Royalty Imports to the US Eurostat v BEA

Mind the gap! Ireland reporting €102 billion of royalty imports from the US in Eurostat’s data becomes the US reporting just $16 billion of royalty exports to Ireland in the BEA’s data.  And as we started by looking at total services this cannot be explained by classification issues.  We have a difference of something approaching €90 billion.

For what it is worth, it can be noting that the revision to Ireland’s national accounts for 2015 (the 26% growth rate and all that) was of the order of €40 billion.  Some US commentators should perhaps be wary of skeletons in their own closets.

However, as the previous post goes through the likely GDP impact would not be the full difference shown above as a share of the royalty payments that previously went from Ireland to the like of Bermuda did subsequently flow on to the US as payments for R&D services exports.

Statements from Google and Facebook have confirmed that they are now licensing their technology directly from the US rather than offshore locations.  This should have led to a reduction in US R&D service exports and an increase in US royalty exports. 

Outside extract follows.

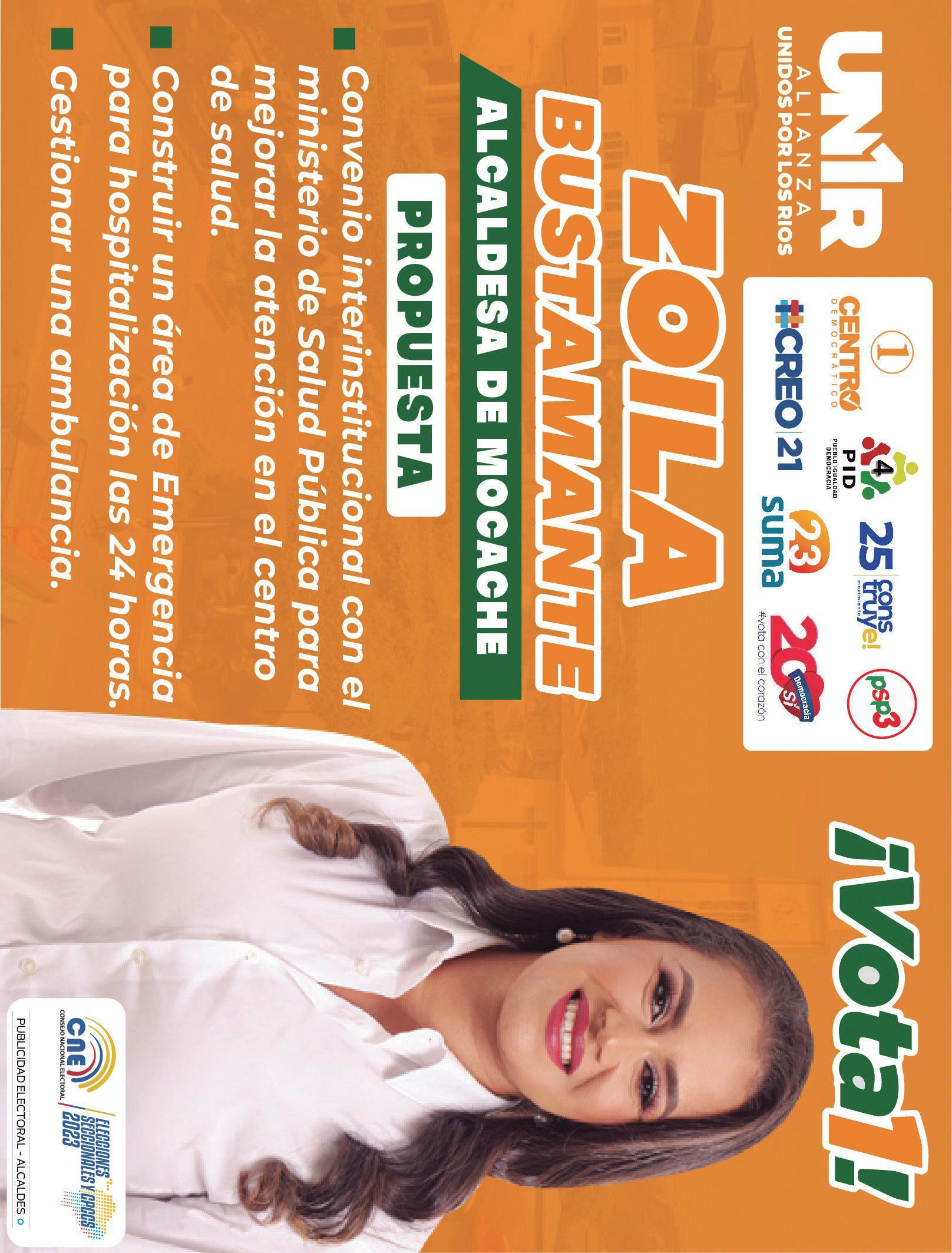 Yenny Domínguez, postula para la Alcaldía del cantón Mocache por la lista RC-5. Una de sus propuestas es construir un hospital del día esto con la ayuda de la fundación Daniel Arroyo. La candidata indicó que el hospital atenderá las emergencias médicas de los ciudadanos del cantón, para que esto funcione se ha comprometido hacer un convenio entre el municipio y la fundación Daniel Arroyo.

The rise in royalty exports would be larger (reflecting the fall in profit reported in Bermuda etc.). It is possible there could be a GDP impact of $40-50 billion for 2022 – equivalent to around 0.2% of US GDP.  Not exactly headline grabbing.

Why the gap?

In part, the answer to this apparent puzzle comes down to scale. In a small economy like Ireland, the activities of companies such as Google and Facebook are relatively enormous. The Large Cases Unit (LCU) in the CSO will be in regular contact with these companies for filing updates and notice of any significant changes.  For an economy of the scale of the US, such companies are simply are not as important in and of themselves when it comes to the BEA’s production of their National and International Accounts.

In the BEA’s case they undertake “benchmark surveys” every few years of a wide number of market participants to get a deep understanding of what is going on.  Between these comprehensive “benchmark surveys” the BEA do quarterly surveys of a much smaller sample and extrapolate the data they publish from those.

The most recent benchmark survey for Transactions in Selected Services and Intellectual Property with Foreign Persons was carried out for 2017.  The data was collected in 2018 with the results published in 2019.  As it so happens, the BEA are in the process of collecting data for the latest such survey.  In this instance the benchmark year is 2022 with the data collected in 2023 and results not due until sometime in 2024.

So it looks like the significant changes implemented by US MNCs operating in Ireland fell in the middle of the gap between the BEA’s benchmark surveys that would have picked them up.  They were too early for the survey for 2017 and while they should be picked up by the ongoing survey for 2022 the results won’t be pulled together and incorporated in the BEA’s International Accounts until 2024.  It seems our wait for US GDP to be revised up will be going on for a while yet.